An agricultural company in Washington state was fined more than $2 million after two farmworkers, one of whom was Jamaican, died from COVID-19.
The company, Gebbers Farms, was fined for repeatedly violating coronavirus virus safety procedures.
“It’s unacceptable to chose to ignore health and safety rules,” Joel Sacks, the director of state Department of Labor & Industries, told reporters Monday.
USA Today reports that the state’s Department of Labor & Industries launched an investigation in July after being contacted by an employee of Gebbers Farm Operations in Brewster, Washington. The employee said a worker had died of coronavirus, and that the migrant workers who shared a cabin with the deceased were not tested and then split into other cabins.
Authorities say they confirmed a 37-year-old temporary worker from Mexico died July 8, and the death was not reported to state officials as required.

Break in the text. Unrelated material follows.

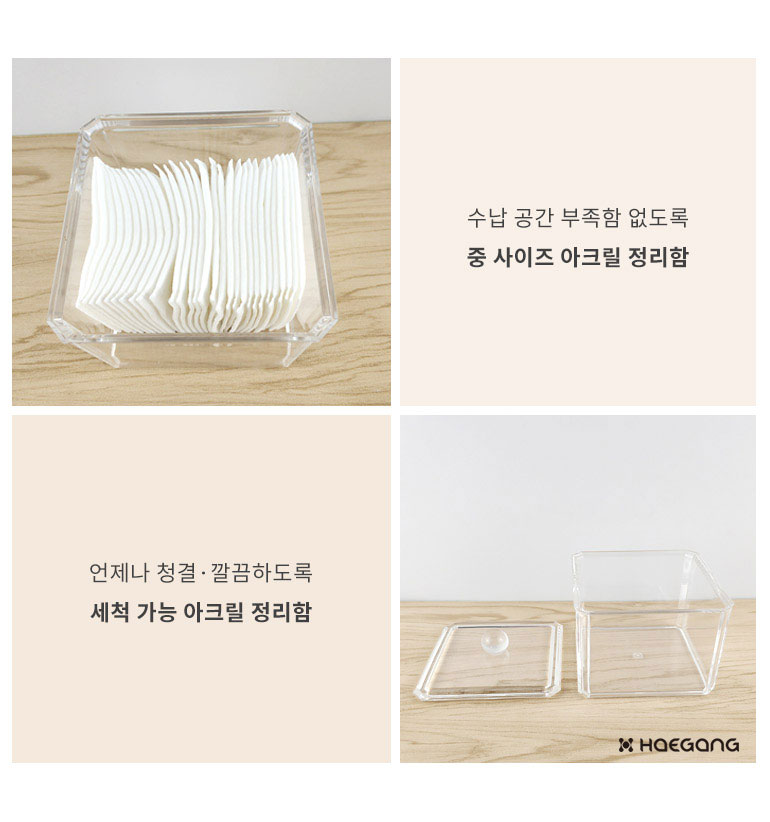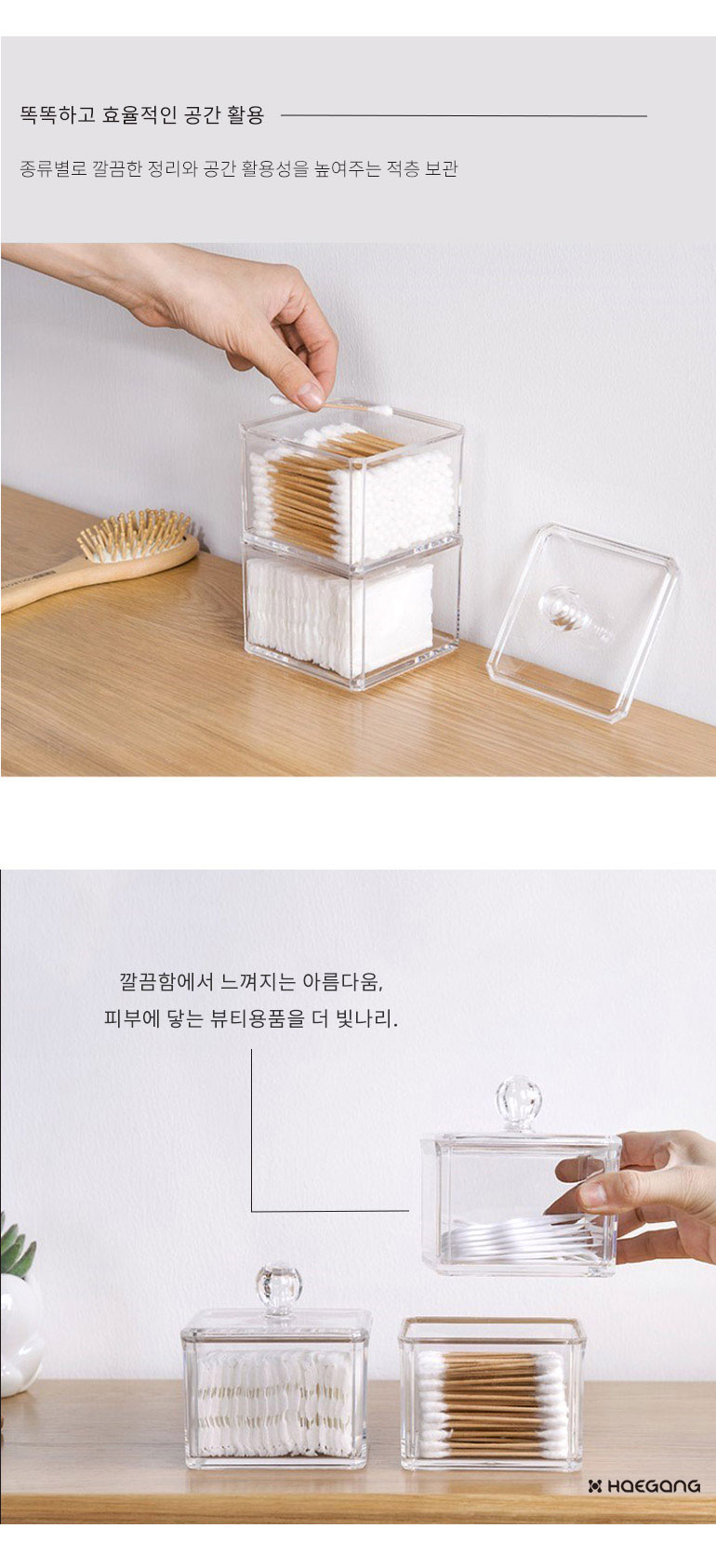투명 아크릴 화장솜 면봉 악세사리 보관케이스

A second worker, a 63-year-old from Jamaica, died July 31. Both workers died of COVID-19.
The state investigation led to Gebbers being cited for 24 “egregious willful violations” for unsafe sleeping arrangements and unsafe worker transportation.
Investigators found that hundreds of workers were sleeping in bunk beds using both the top and bottom bunks and not being told to remain in “cohort groups” of workers who don’t mingle with other employees.
Under the state’s COVID-19 protocols, temporary agricultural workers can use top and bottom bunks only if a farm separates workers into group shelters. Those cohort groups of no more than 15 workers must live, work, eat and travel together. Authorities say the investigation also found that Gebbers was busing workers to job sites in groups that were larger than allowed.
This is the second reported COVID-19 incident in the U.S. that has involved migrant workers from Jamaica. In October, a group of over 20 Jamaican farmworkers in Vermont were found to be COVID-19 positive.